Willa ma odmienny status niż reszta ziemian. Nie musi już nikomu usługiwać, ani sprężać się, by wykonać wszystkie narzucone jej obowiązki. Aktualnie, mimo swego pochodzenia, jest traktowana z dużo większym szacunkiem, ponieważ wszyscy w Bożylesie wiedza, że bracia Abklęci traktują ją jak członka swojej rodziny. Tylko czy do końca tak jest? W wyniku wielu zawirowań Willę trafiło zaklęcie bóstwa chaosu i teraz jej dusza połączyła się z piątką wspomnianych mężczyzn. W wyniku tego zdarzenia dziewczyna nie może odejść zbyt daleko, ponieważ ją to zabija. Z drugiej strony bliski kontakt z którymś z Abklętych jest czymś, co ją uspokaja i dostarcza wiele przyjemności (co w sumie nie dziwi, gdy się przeczyta, jak oni wyglądają). Dodajmy do tego jednak fakt, że bóstwo chaosu wcale nie planuje zostawić głównej heroiny w spokoju, a jej opiekunów traktuje jak przeszkodę do pokonania; i mamy nieciekawą sytuację, która szybko eskaluje w otwarty konflikt (pełen nowych przeciwników). Jak Willa radzi sobie w nowej sytuacji i jak się do tego ma jej standardowy, wrodzony pech – wszystko znajdziecie w drugim tomie serii Klątwa bogów.
Niech stanie się chaos!
Kontynuacja przygód nieuporządkowanej Willi jest utrzymana w bardzo podobnym duchu jak tom otwierający. Ponownie fabularnie wiele się dzieje, gdyż wszyscy zdają się być z różnych powodów zainteresowani główną bohaterką. Generuje to zarówno niebezpieczne, jak i zabawne sceny, aż czasami brakuje nam przerwy, gdyż na przykład ledwo skończy się jakaś bijatyka, od razu zaczyna się spięcie między Abklętymi lub wyprawa do krainy bogów. Interesująco, aczkolwiek powoli rozwija się temat wszechobecnego wokół dziewczyny chaosu oraz nabywanych w związku z nim mocy. Trochę więcej wydarzeń powiązanych jest tym razem z przyjaciółką heroiny, Ziemianką Emmą, więc dane jest nam lepiej poznać ją oraz jej nastawienie do aktualnej sytuacji ludzi w Bożylesie. Ponadto wprowadzony zostaje również kolejny ciekawy bohater – Neutralność, który – jak możecie podejrzewać – mocno miesza w już i tak skomplikowanych relacjach między Willą a resztą świata.

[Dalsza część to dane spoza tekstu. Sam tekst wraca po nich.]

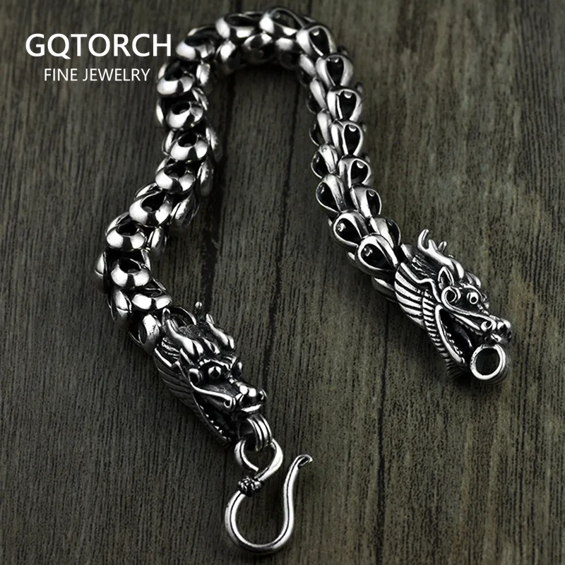 Dragon Scale Bracelet Chain Real Pure 925 Sterling Silver Double Heads Vintage Punk Rock Retro Style Men Viking Jewelry

Status Guilty pleasure utrzymany
Klątwa bogów to taka seria, po którą sięga się w ramach relaksu i chęci odstresowania po ciężkim tygodniu. Nie wnosi ona żadnych dodatkowych wartości poza czystą (momentami szaloną) rozrywką. Istotne jest również, że nadal nie jest to tytuł erotyczny, gdyż ponownie w książce, mimo obecności pięciu przystojnych mężczyzn, nie dochodzi do przeznaczonych dla dorosłych scen łóżkowych. Są momenty całowania i kilka razy głównej bohaterce znikają bądź spadają różne części garderoby, ale wywołuje to raczej śmiech i konsternację niż szaleńcze napady uczuć z czyjejkolwiek strony. Sama Willa nadal jest głupiutką, mało inteligentną postacią, która raczej nie kieruje się w swoim życiu logicznym myśleniem, jednak jeśli komuś nie przeszkadzają takie jednostki, to dla samych braci Abklętych warto dać tej serii szansę. Czytelnicy zaznajomieni z nomenklaturą mangową z pewnością zrozumieją, gdy opiszę Klątwę bogów jako mieszankę ecchi z reverse harem.
Jeszcze cztery części przed nami
Patrząc na tempo i absurdalność dotychczasowych wydarzeń, trudno sobie wyobrazić, co jeszcze może spotkać chaotyczną Knight oraz jej ekipę. Zdecydowanie nie jest to seria, dla wszystkich, jednak równocześnie podkreślam, że książki dostarczają sporo rozrywki w nieskomplikowanej formie. Niezwykli Abklęci, spośród których każdy czytelnik lub każda czytelniczka jest w stanie wybrać swój typ, mogą uprzyjemnić gorszy dzień.